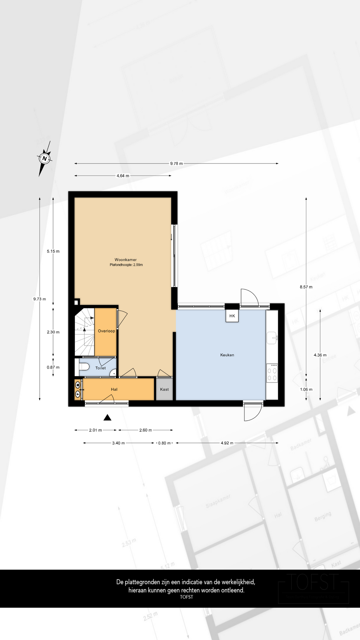 Middels de gezellig aangelegde voortuin stapt u binnen in de hal met meterkast en krijgt u toegang tot de woonkamer. Aan de rechterkant bevindt zich een handige bergkast en aan de linkerzijde is er toegang tot de overloop met het toilet en de trap naar zowel de eerste etage als het souterrain.
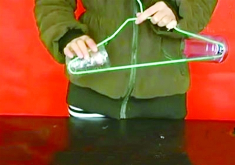 3.把剪好的矿泉水瓶分别套在晾衣架的两端,这样就做好了。
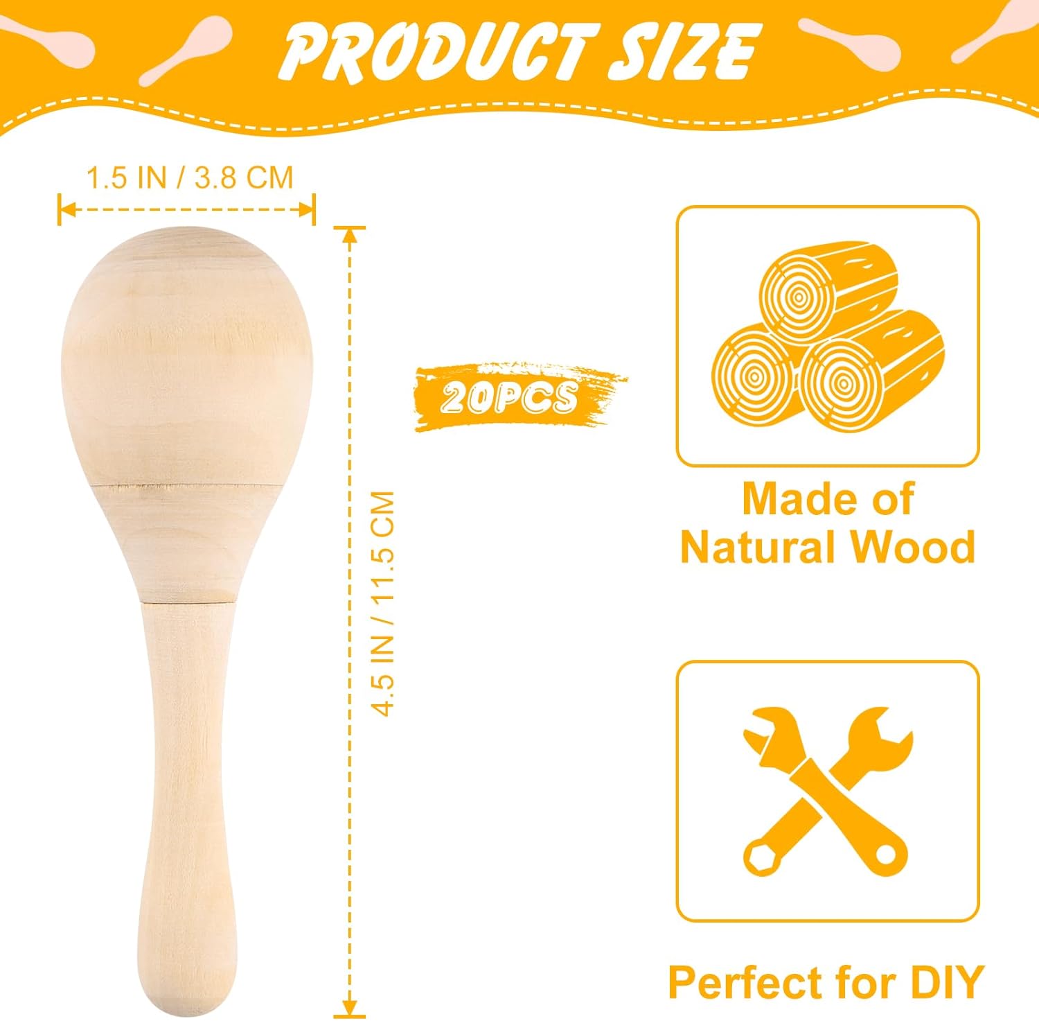 20Pcs DIY Wooden Maracas for Kids, Mini Maracas for Mexican Fiesta Party Favors with 12Pcs Multicolor Pens, Cinco De Mayo Party Supplies
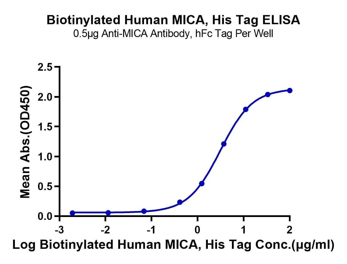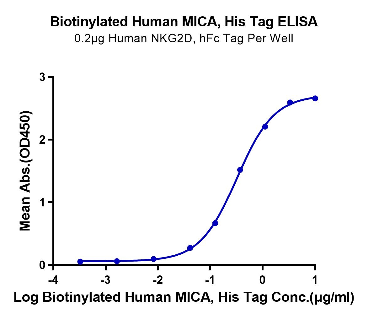 Immobilized Human NKG2D, hFc Tag at 2ug/ml (100ul/well) on the plate. Dose response curve for Biotinylated Human MICA, His Tag with the EC50 of 0.32ug/ml determined by ELISA (QC Test). See testing image for detail.

* EXERCISE INSTRUCTIONS: Since the pictures are not wanted, write out the rest of the data exactly as it reads.

* SOLVED PROBLEM:
 Middels de gezellig aangelegde voortuin stapt u binnen in de hal met meterkast en krijgt u toegang tot de woonkamer. Aan de rechterkant bevindt zich een handige bergkast en aan de linkerzijde is er toegang tot de overloop met het toilet en de trap naar zowel de eerste etage als het souterrain.
 3.把剪好的矿泉水瓶分别套在晾衣架的两端,这样就做好了。
 20Pcs DIY Wooden Maracas for Kids, Mini Maracas for Mexican Fiesta Party Favors with 12Pcs Multicolor Pens, Cinco De Mayo Party Supplies
 Immobilized Human NKG2D, hFc Tag at 2ug/ml (100ul/well) on the plate. Dose response curve for Biotinylated Human MICA, His Tag with the EC50 of 0.32ug/ml determined by ELISA (QC Test). See testing image for detail.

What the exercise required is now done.